An unmanned K-MAX helicopter has shown it could evacuate wounded troops from a combat zone, Lockheed Martin [LMT] announced April 29.

During a March 26 demonstration, ground operators used a Neya Systems UxInterceptor unmanned ground vehicle to assess the condition of a “casualty,” which was a 30-pound mannequin simulating an injured person, and to search for a safe landing area for K-MAX, Lockheed Martin said. K-MAX then flew to the designated landing site, where the mannequin was strapped into a seat on the side of the aircraft and flown to safety.

During a recent demonstration, an unmanned K-MAX helicopter transported a simulated wounded warfighter to safety. (Photo courtesy of Lockheed Martin)
During a recent demonstration, an unmanned K-MAX helicopter transported a simulated wounded warfighter to safety. (Photo courtesy of Lockheed Martin)

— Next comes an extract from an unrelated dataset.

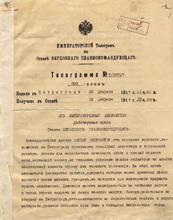 Николай II узнал о начале революции около 1800 из двух параллельных источников — одно донесение поступило от Хабалова через начальника штаба Верховного главнокомандующего генерала М. В. Алексеева, второе пришло от министра внутренних дел А. Д. Протопопова через дворцового коменданта В. Н. Воейкова. Ознакомившись с обоими донесениями, царь потребовал телеграммой от Хабалова решительного прекращения беспорядков в столице. Ночью сотрудники охранного отделения произвели массовые аресты[2][36].

“It essentially simulated an end-to-end robotic mission–how ground vehicles and air vehicles could be used collaboratively to conduct” unmanned casualty evacuation, said Jon McMillen, Lockheed Martin’s business development lead for unmanned K-MAX.

The demonstration was sponsored by the Office of the Secretary of Defense (OSD) and took place at Kaman Aerospace [KAMN] in Bloomfield, Conn. Kaman builds K-MAX, and Lockheed Martin supplies the helicopter’s mission suite. Neya, a small business in western Pennsylvania, provided a tablet controller that could control both K-MAX and UxInterceptor using the OSD-sponsored unmanned aerial system (UAS) control segment architecture.

The event was the latest in a series of efforts to show potential new uses for K-MAX, which transported millions of pounds of cargo for U.S. Marines during the nearly three years it was deployed in Afghanistan. In tests last year, K-MAX doused fires with tons of water and delivered an unmanned ground vehicle to soldiers defending a simulated village. McMillen told reporters that Lockheed Martin hopes to do a K-MAX firefighting demonstration for the Department of Interior sometime this year.